As a matter of common sense, inheritance is the belief that a person's property, debts, assets, rights, duties, and titles should be transferred to his or her lawful heir upon death. Indian Succession laws differ, as do religions and societies, so the inheritance can either be exercised by employing the relevant laws or through a "will." Though they may vary depending on the society or religion, all succession rules are not always the same.
The laws that control India's inheritance laws are The Hindu Succession Act, of 2005, the Indian Succession Act of 1925, Muslim Personal Law (Shariat) Act of 1937, and they depend on the sort of religion and succession of a family. A secular nation like India must accept many different religions and their legitimate customs due to its diverse religions.
Rights of Children of Divorced Couples
Under the Hindu Succession Act of 1956, children born to your divorced spouse are legally considered your legal heirs, as defined under Class I legal heirs. Even if you do not have custody of your children and are not related to them, they will still be entitled to inherit your property unless you make a succession plan and state otherwise.
While you may have settled the alimony and maintenance matter with your divorced partner, children from the divorce will have the same right over the properties as other legal heirs. When you remarry, change your relationship, or want to distribute assets differently, you must create a succession plan. The right to inherit belongs to your biological children.
Rights of Stepchildren
According to the provisions of the Hindu Succession Act, of 1956, neither a 'son' nor a 'stepson' is defined; therefore, the expression has always been open to interpretation by the courts. As with the Class I heirs list, the term 'son' appears as well; however, a separate entry is not included that specifically includes the term 'stepson'.
According to consensus, the term "son" undoubtedly includes natural, adopted, and even illegitimate sons, even though the rules for succession to a father's property are quite different for each.

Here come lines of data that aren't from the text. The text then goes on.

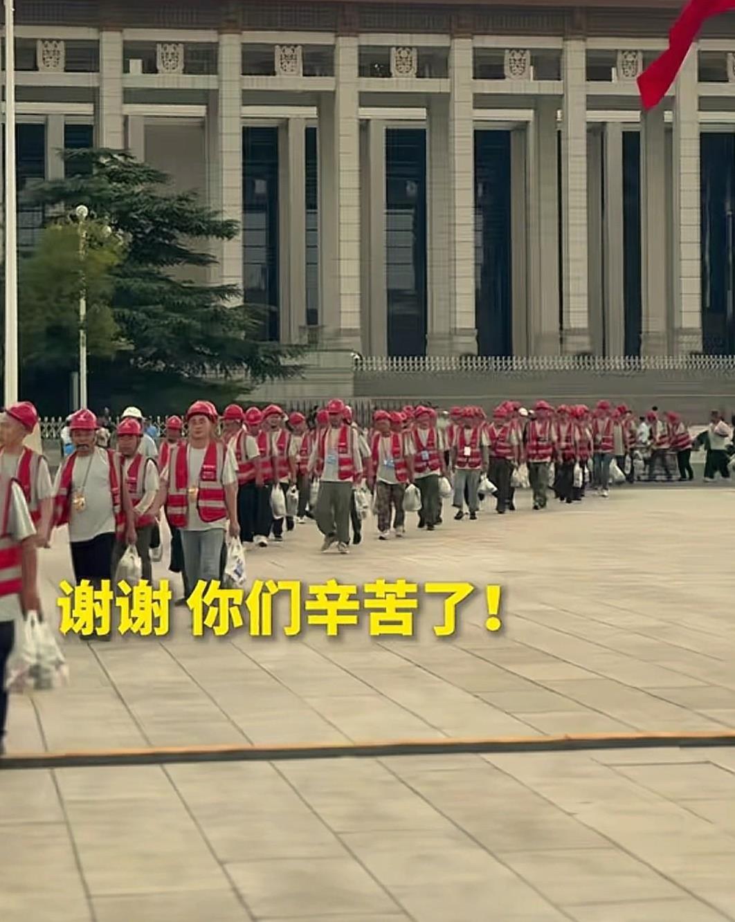 “火到人民日报了!”北京,观礼阅兵仪式结束,最后一个队伍却刚刚入场,他们是一群穿着橙色衣服的工人逆行者,没有鲜花,没有掌声,更没有万人瞩目,他们默默开始了收尾工作。 9月3日中午11时,盛大的仪式结束,观礼的人群纷纷走出街道,可迎面却走来一队并不整齐的队伍,行走在人群中格外突兀,成了另外一道风景线。 他们头戴安全帽,每人手里提着一个袋子,还有的拖着手推车,里面装的是木架子,他们就是这次观礼幕后的拆装工人们。 有记者怎么也没想到,行动会这么快,赶紧追过去,询问:“你们是要赶过去拆东西吗?那您今天要忙到晚上吧?” 一位工人指着前面笑呵呵道:“对,就是观礼台那里,5点之前要拆完。” 记者又看了一眼时间,关心了一句:“时间这么紧张,现在都11点半了,吃饭了吗?” 没想到,工人却笑了笑:“还没有吃。”随后指了指远处干活的地方,“饿了在那边吃一口。” 直到此时记者才注意到,原来他们每个人身上的袋子里,竟然是自己带过来的午饭。 看了视频,有网友感动的说:感谢为这次阅兵默默付出的人,你们是这时代最可爱的人。 也有网友说:每一个岗位都很重要,每一个岗位都值得被尊敬,辛苦了。 开幕式前是他们组装,结束后,是他们赶过来拆除。后勤保障,默默付出。我们很少看到他们的身影,却能够看到他们的成果。 他们拆走的是钢铁支架,留下的是中国速度,阅兵场上令人惊叹的效率,原来藏在这些铺满老茧的手掌里。
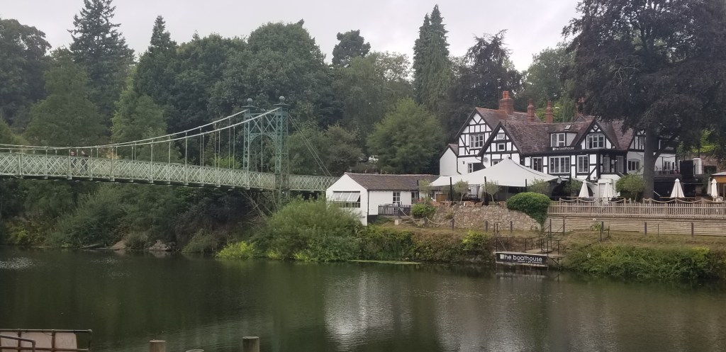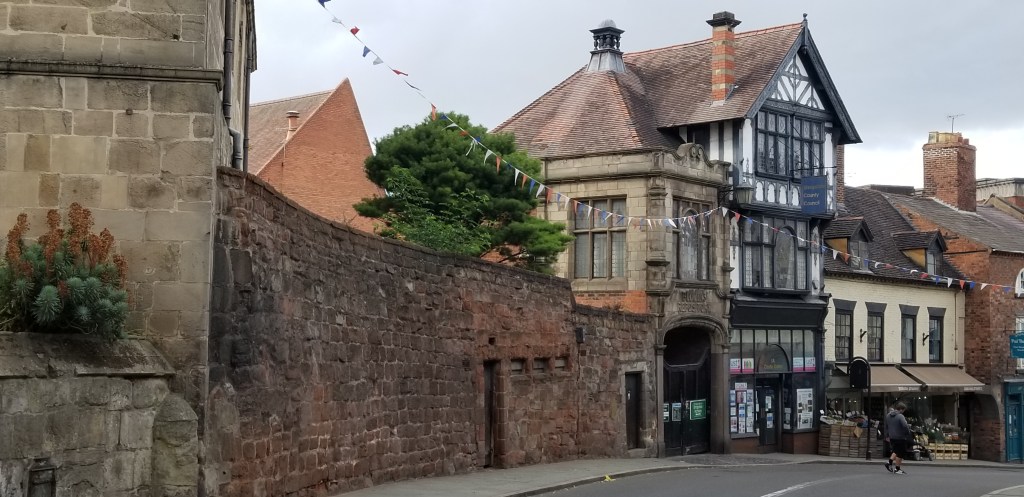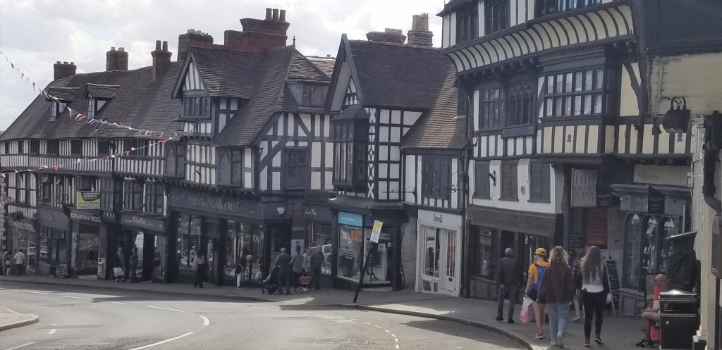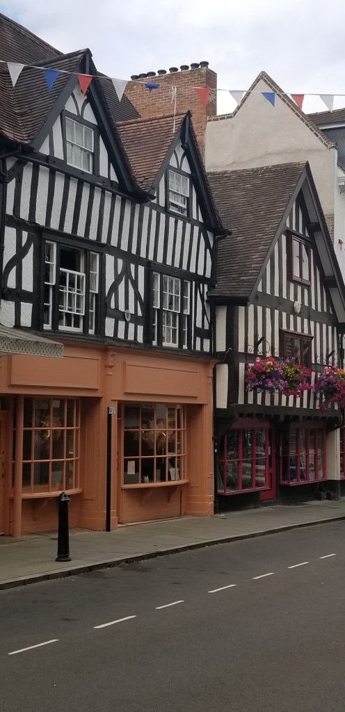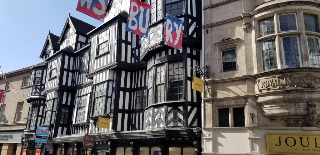 Down to England. When we had a boat ride on the Severn in Shrewsbury, our captain told us that the George C. Scott version of A Christmas Carol was filmed here. The medieval buildings make a perfect backdrop.
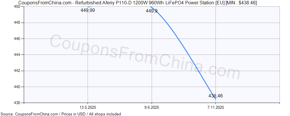 Price history (for all/most countries) for Refurbished Aferiy P110-D 1200W 960Wh LiFePO4 Power Station [EU] is here. The lowest price was: $438.46.
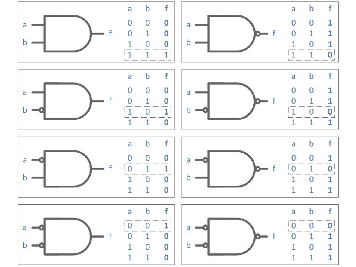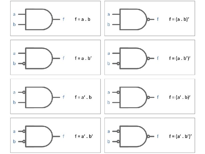 Truth Tables for Gates a 0 0 1 1 b f. NAND 0 1 1 1 0 a 0 0 1 1 b 0 1 f. NOR 1 0 0 0 NAND Operation NOR Operation NAND Gate NOR Gate a 0 1 f. BUF 0 1 BUF Operation BUF Gate
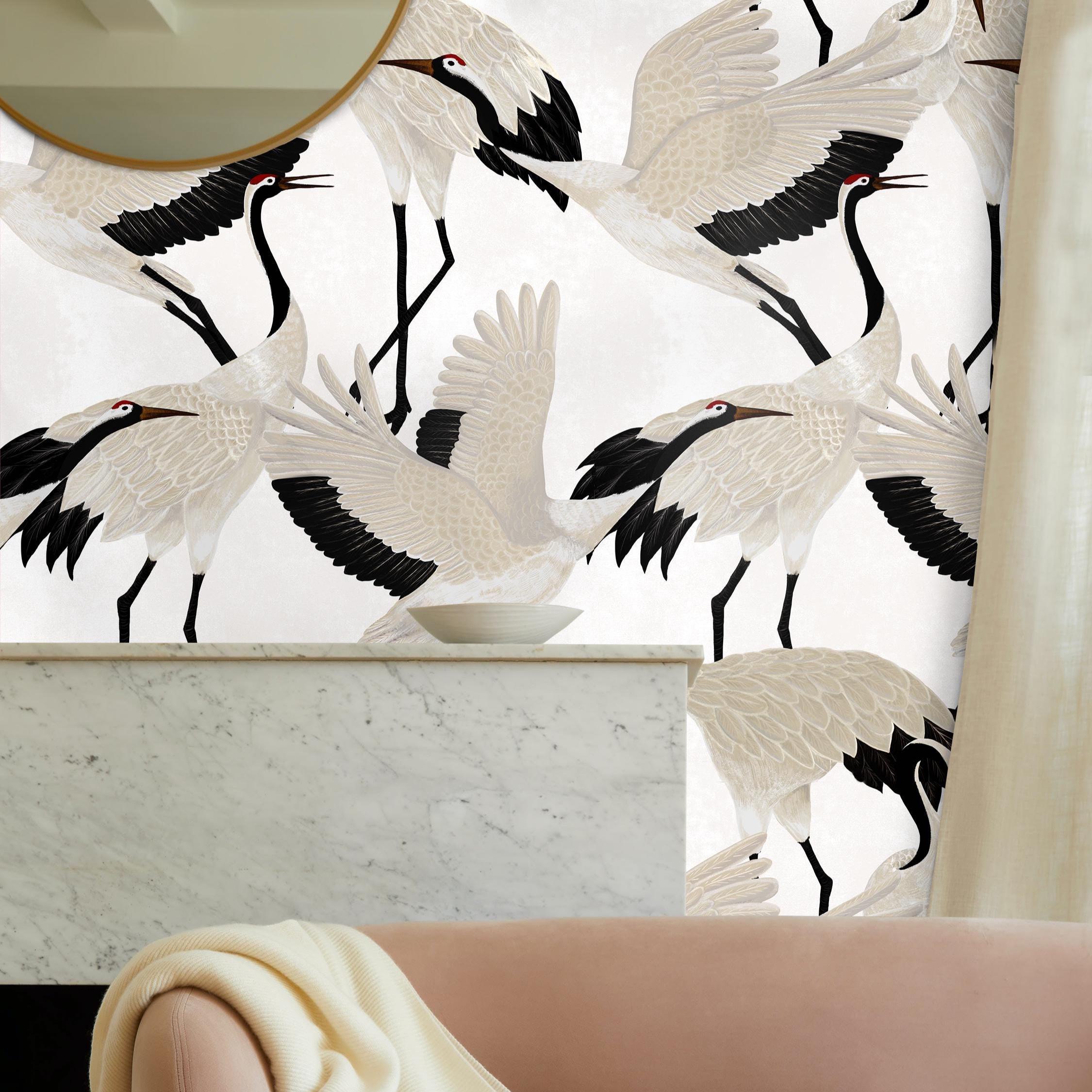 Crane Wallpaper with White Herons, Chinoiserie Bird Wallpaper for Living Room, Vintage Japanese Wall Decor
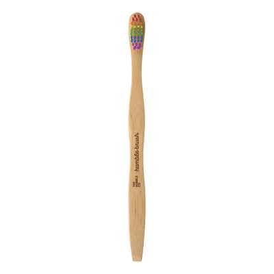 Bæredygtig bambustandbørste fra The Humble Co. med børstehår i smukke regnbuefarver

By legal fiction (under Section 16 of the Hindu Marriage Act, 1956), a child born out of a void marriage is considered to be the legitimate son of his father, even if he is illegitimate. In this legal fiction, he is only allowed a share of the father's self-acquired property, whereas a legitimate child would have coparcenary rights that would accrue to him by birth.
However, such a son shall still be considered a son as per the definition of the son under the Hindu Succession Act, of 1956.
In Lachman Singh v. Lachman Singh, there was some subtlety to the inquiry concerning whether "step-children" could be included in the outflow "child" in Section 15(1)(a). There was a contention that under the Act, the child of a woman who married a second spouse would not inherit her 'second spouse's bequests on his diminishing intestate under Kripa Singh (AIR 1987 SC 1616). A tyke was born at the time of the case and a stepson is treated differently according to the law.
As it was, before the Act came into effect, a stepson, i.e., a child of the spouse of a lady by an alternate wife, was not entitled to inherit the lady's Stridhana when she died. When such situations arise, the child she carries in her womb will likely have a clear priority over the stepson she bears. Consequently, it was found that Parliament might have clarified its intention in the Act if it expected such a radical departure from past practice.
In the case of Father
When a father has a stepchild, this is the child born from his wife's previous marriage. Such a child cannot be a coparcener because he is not a lineal descendant of the same ancestor. Hence, such a child has no right to the coparcenary property of the family. When a male dies intestate, the property will be devolved to his heirs under section 8 of the Hindu Succession Act. Usually, the stepchildren which can be a son or daughter are not mentioned in the will giving them no right to the property of the father. However, such a stepchild can gain rights in the property procured by his or her mother acquired from the father. After the death of the mother, it can be passed on to the child.
In the case of Mother
In the case of the mother, the stepchild will be the child produced by the husband from the previous marriage. Mothers themselves have a share in the inheritance of their father's ancestral property, and their children have a right to it as well.
A claim can be made by them post the death of the mother on the pretext of being an heir to the mother. No right is given to a child if it is a stepchild of the mother.
The stepchild of a deceased mother receives a right in the ancestral property not as the heir of the mother, but as the heir of her husband (mother) as per section 15 of the HSA. Therefore, stepchildren shall have limited rights in the property of their ancestors.
When people get divorced, remarried, have children from another partner, etc., their succession plans are often not revised, which can result in their assets being distributed against their wishes. A will should be prepared to distribute the assets that should include all of your children from and outside your marriage or previous partners.
When one is disinheriting their stepchildren, they should always keep in mind their maintenance responsibility and while doing so, you need to consult with a property lawyer to ensure that the necessary legal steps are followed and the reasons for disinheritance are properly documented. However, one should always keep in mind that after their death, their will becomes public, and it becomes a subject matter of challenge among the legal heirs in the future.